Azure Data Factory
Learn how to use Microsoft Azure in an Azure Data Factory (ADF) to solve challenges in big data analysis and integration.
Azure Data Factory: Data Integration in the Cloud
by Sahil Gupta, Engineering Consultant
A Closer Look at Pipelines
Data Analytics Today
Effective data analytics provides enormous business value for many organizations.
Effective data analytics provides enormous business value for many organizations. As ever-greater amounts of diverse data become available, analytics can provide even more value. But to benefit from this change, your organization must embrace the new approaches to data analytics that cloud computing makes possible.
Microsoft Azure provides a broad set of cloud technologies for data analysis, designed to help you derive more value from your data. These services include the following:
Azure SQL Data Warehouse, providing scalable relational data warehousing in the cloud.
Azure Blob Storage, commonly called just Blobs, provides low-cost cloud storage of binary data.
Azure Data Lake Store, implementing the Hadoop Distributed File System (HDFS) as a cloud service.
Azure Data Lake Analytics offers U-SQL, a tool for distributed data analysis in Azure Data Lake Store.
Azure Analysis Services, a cloud offering based on SQL Server Analysis Services.
Azure HDInsight, with support for Hadoop technologies, such as Hive and Pig, along with Spark.
Azure Databricks, a Spark-based analytics platform.
Azure Machine Learning is a set of data science tools for finding patterns in existing data, then generating models that can recognize those patterns in new data.
You can combine these services as needed to analyze both relational and unstructured data.
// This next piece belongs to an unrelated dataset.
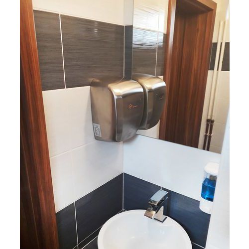 A levegő porszűrőn keresztül kerül a szárítóba, a meleg levegő pedig keskeny, hosszúkás fúvókából jön ki, amely nemcsak szárítja, hanem meg is törli a kezeket.
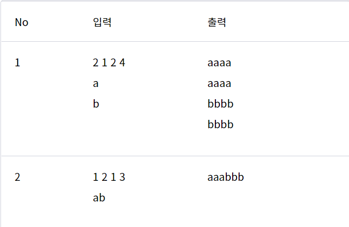 문자열의 행, 열, 행 확대 크기, 열 확대 크기가 주어질 때 확대 된 문자 배열을 출력하라.

But there’s one essential aspect of data analytics that none address: data integration.
This might require extracting data from where it originates (such as in one or more operational databases), then loading it into where it needs to be for analysis (such as in a data warehouse).
You might also need to transform the data in some ways during this process. And while all of these tasks can be done manually, it usually makes more sense to automate them.
Azure Data Factory (ADF) is designed to help you address challenges like these. This cloud-based data integration service is aimed at two distinct worlds: big data and traditional data warehousing.
The big data community, which relies on technologies for handling large amounts of diverse data.
For this audience, ADF offers a way to create and run ADF pipelines in the cloud. A pipeline can access both on-premises and cloud data services. It typically works with technologies such as Azure SQL Data Warehouse, Azure Blobs, Azure Data Lake, Azure HD Insight, Azure Databricks, and Azure Machine Learning.
The traditional relational data warehousing community, which relies on technologies such as SQL Server. These practitioners use SQL Server Integration Services (SSIS) to create SSIS packages. A package is analogous to an ADF pipeline; each defines a process to extract, load, transform, or otherwise work with data.
ADF allows this audience to run SSIS packages on Azure and access both on-premises and cloud data services.
The critical point is this: ADF is a single cloud service for data integration across all of your data sources, whether they’re on Azure, on-premises, or on another public cloud such as Amazon Web Services (AWS).
It provides a single set of tools and a common management experience for all of your data integration. What follows takes a closer look at ADF, starting with ADF pipelines.
An effective data integration service must provide several components:
A way to perform specific actions. You might need to copy data from one datastore to another, for example, or to run a Spark job to process data. To allow this, ADF provides activities, each focused on carrying out a specific task.
A mechanism to specify the overall logic of your data integration process. This is what an ADF pipeline does, calling activities to carry out each step in the process.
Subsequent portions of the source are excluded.